Home and Away

We are thrilled to have a guest post by the amazingly talented artist Sherrie York. She will be visiting the Museum of American Bird Art at Mass Audubon between July 28 to July 30 to display her art, lead several programs, and give an illustrated talk about her printmaking. She will be doing a workshop with our summer camp on July 28th, giving an illustrated talk and reception for her artwork on July 29th, and giving an all day printmaking workshop on July 30th.

Home and Away by Sherrie York

Travel and art-making have often gone hand-in-hand. (Or perhaps that’s brush-in-hand.) John Singer Sargent’s watercolors of Morocco revealed an intriguing faraway culture. John James Audubon’s journeys recorded North America’s flora and fauna and Albert Bierstadt’s romantic western landscapes helped inspire the first national parks.

I enjoy travel, too, and will be traveling from my Colorado stomping grounds to MABA this summer. In July I will exhibit some of my linoleum block prints in the estate house and present both a printmaking workshop and presentation about my work. Of course it doesn’t always take a passport, a suitcase, or a new frontier to find subject matter. Familiar places close to home are inspiring, too.

landscape

This is Sands Lake. It’s a scruffy little body of water next to the Arkansas River in the town of Salida, where I live. They call it a lake, but it’s really a settling pond for the fish hatchery upstream. Water flows from hatchery to lake via underground culverts, then spills out the far bank in to the river.
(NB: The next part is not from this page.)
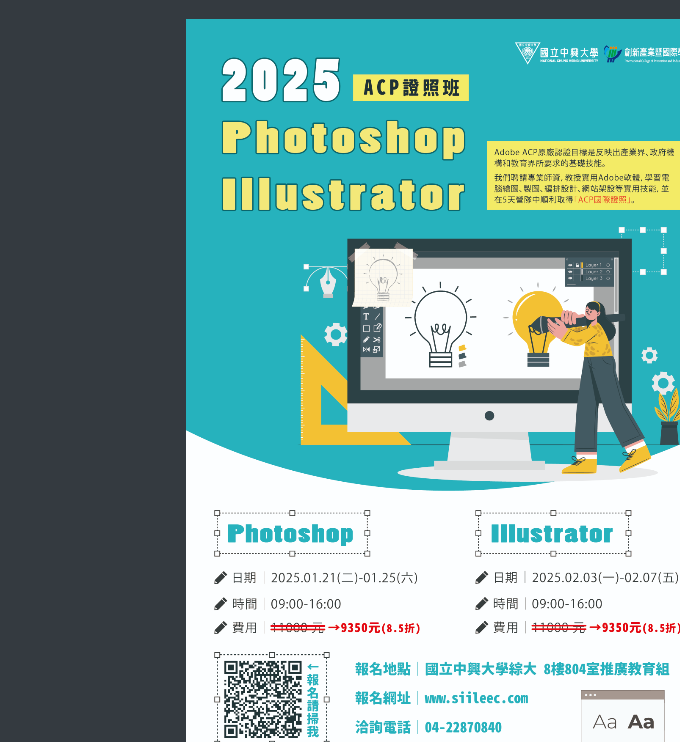 (一)對想學習電腦繪圖、製圖、編排設計、網站架設等實用技巧,規劃《Adobe軟體ACP證照輔導》5日營,分別策畫Photoshop、Illustrator軟體,協助學生順利取得產業界、政府機構和教育界所認可ACP國際證照。

During the day the trail around the lake is filled with fishing enthusiasts, dog-walkers, joggers, bicyclists, and birders. More than one elicit teenager party has taken place there after dark. Pristine, exotic wilderness it’s not.
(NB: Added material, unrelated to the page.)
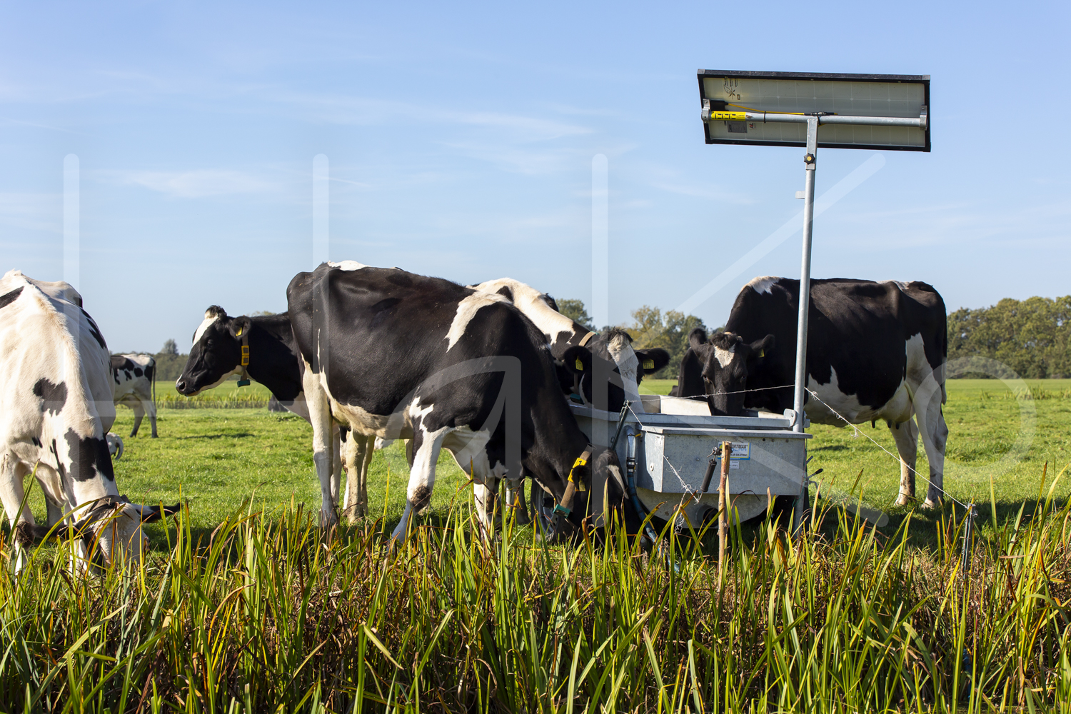 Koeien drinken uit waterbak.

But for me this humble corner provides a wealth of inspiration and stories year-round, and no small number of linocuts, too.

PasdeDucks-©SherrieYork

Pas de Ducks: All year

At the upriver end of the lake, next to the inflow culvert, is a concrete fishing pier. The remains of cliff swallow nests were still attached when it was installed, a good indicator of its provenance as repurposed bridge. Hopeful mallards congregate below the pier looking for handouts, and from my elevated vantage point I enjoy watching the tracery they create in the reflection of the railing.

 Cruisin-©SherrieYork

Cruisin’: Spring

Forget the robin as a harbinger of spring! Local birders know that spring migrants begin to appear weeks before the pelicans turn up at the lake, but their sheer size and brilliant whiteness assure that even the most bird-ambivalent will notice this sign of winter’s demise.

EPSON scanner image

EPSON scanner image

Usurper: Summer

Three species of bluebird are present in the area around the lake, but the mountain bluebird’s cobalt shimmer and soft call is the most common. Bluebird enthusiasts abound, too, as evidenced by nest boxes peppering the edges of yards, pastures, and the municipal golf course. Of course tree swallows don’t know they aren’t the intended occupants…

CootduJour-©SherrieYork

Coot du Jour: Autumn through Spring

Like mushrooms after rain, American coots sprout on the surface of the lake in early autumn. The antics of 70 or 80 over-wintering birds amuse me until spring, but before the trees have finished leafing out they are gone. I never see them arrive, and I never see them leave.

NoTimeLikethePresent-©SherrieYork

No Time Like the Present: Winter

Winter is the time for waterfowl on Sands Lake. Because so much water moves through from the hatchery the lake remains open even in the coldest days of winter. Common and Barrow’s goldeneye, buffleheads, scaup, wigeon, and more fill the lake with noise and motion and offer consolation for the absence of warblers and swallows.